### WHAT TO DO
Transcribe every record verbatim; no pictures.

### STUDY MATERIAL
_ _ _ _ _
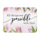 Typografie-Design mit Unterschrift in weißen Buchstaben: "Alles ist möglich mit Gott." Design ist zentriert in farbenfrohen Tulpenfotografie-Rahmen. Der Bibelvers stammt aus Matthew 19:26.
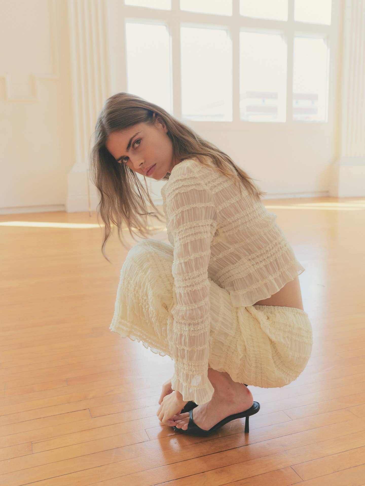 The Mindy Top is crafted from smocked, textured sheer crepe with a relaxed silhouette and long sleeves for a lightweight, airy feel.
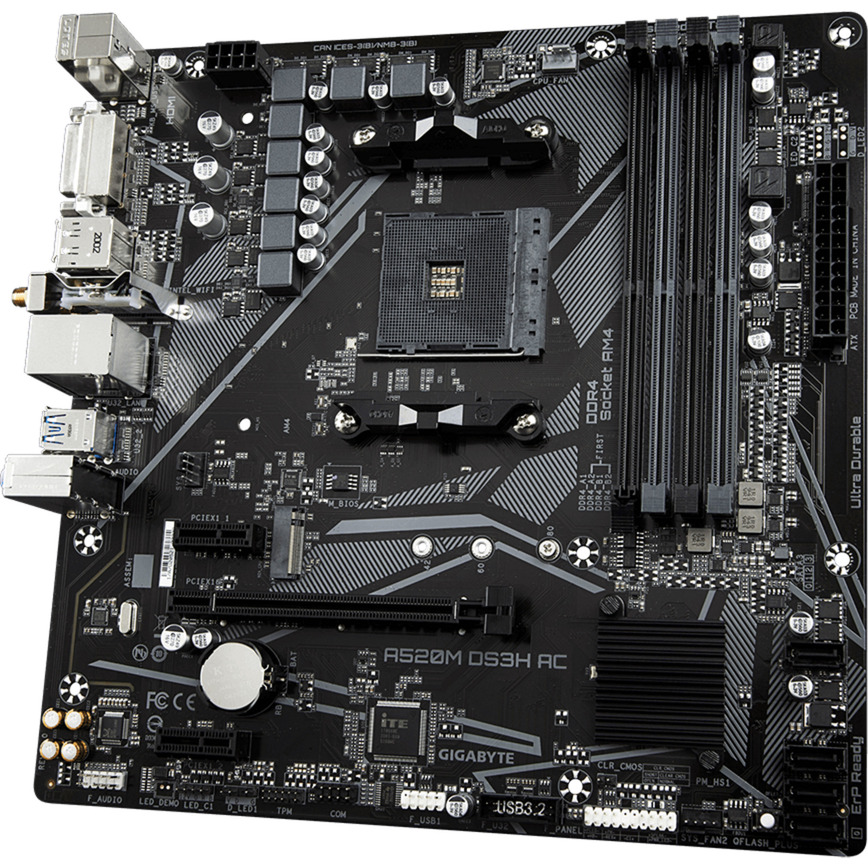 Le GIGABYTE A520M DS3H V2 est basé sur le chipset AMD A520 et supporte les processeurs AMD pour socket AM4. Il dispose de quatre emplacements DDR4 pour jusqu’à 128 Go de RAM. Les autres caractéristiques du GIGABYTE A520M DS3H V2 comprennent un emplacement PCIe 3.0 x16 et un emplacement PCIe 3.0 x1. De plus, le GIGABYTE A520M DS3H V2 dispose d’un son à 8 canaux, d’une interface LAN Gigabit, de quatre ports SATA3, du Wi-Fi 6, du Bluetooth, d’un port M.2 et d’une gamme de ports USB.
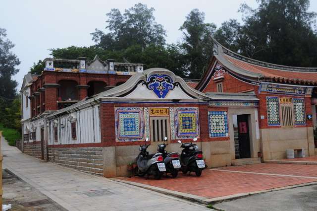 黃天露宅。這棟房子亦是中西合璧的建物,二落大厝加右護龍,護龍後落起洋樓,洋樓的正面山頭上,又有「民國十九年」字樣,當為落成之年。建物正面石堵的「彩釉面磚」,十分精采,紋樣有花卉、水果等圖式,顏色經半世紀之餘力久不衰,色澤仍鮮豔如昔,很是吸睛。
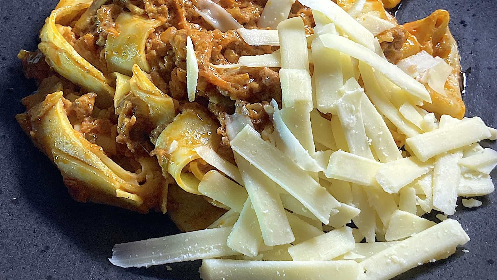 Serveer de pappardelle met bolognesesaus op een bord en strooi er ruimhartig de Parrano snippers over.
_ _ _ _ _
### OUTPUT FOR THIS EXERCISE
 Typografie-Design mit Unterschrift in weißen Buchstaben: "Alles ist möglich mit Gott." Design ist zentriert in farbenfrohen Tulpenfotografie-Rahmen. Der Bibelvers stammt aus Matthew 19:26.
 The Mindy Top is crafted from smocked, textured sheer crepe with a relaxed silhouette and long sleeves for a lightweight, airy feel.
 Le GIGABYTE A520M DS3H V2 est basé sur le chipset AMD A520 et supporte les processeurs AMD pour socket AM4. Il dispose de quatre emplacements DDR4 pour jusqu’à 128 Go de RAM. Les autres caractéristiques du GIGABYTE A520M DS3H V2 comprennent un emplacement PCIe 3.0 x16 et un emplacement PCIe 3.0 x1. De plus, le GIGABYTE A520M DS3H V2 dispose d’un son à 8 canaux, d’une interface LAN Gigabit, de quatre ports SATA3, du Wi-Fi 6, du Bluetooth, d’un port M.2 et d’une gamme de ports USB.
 黃天露宅。這棟房子亦是中西合璧的建物,二落大厝加右護龍,護龍後落起洋樓,洋樓的正面山頭上,又有「民國十九年」字樣,當為落成之年。建物正面石堵的「彩釉面磚」,十分精采,紋樣有花卉、水果等圖式,顏色經半世紀之餘力久不衰,色澤仍鮮豔如昔,很是吸睛。
 Serveer de pappardelle met bolognesesaus op een bord en strooi er ruimhartig de Parrano snippers over.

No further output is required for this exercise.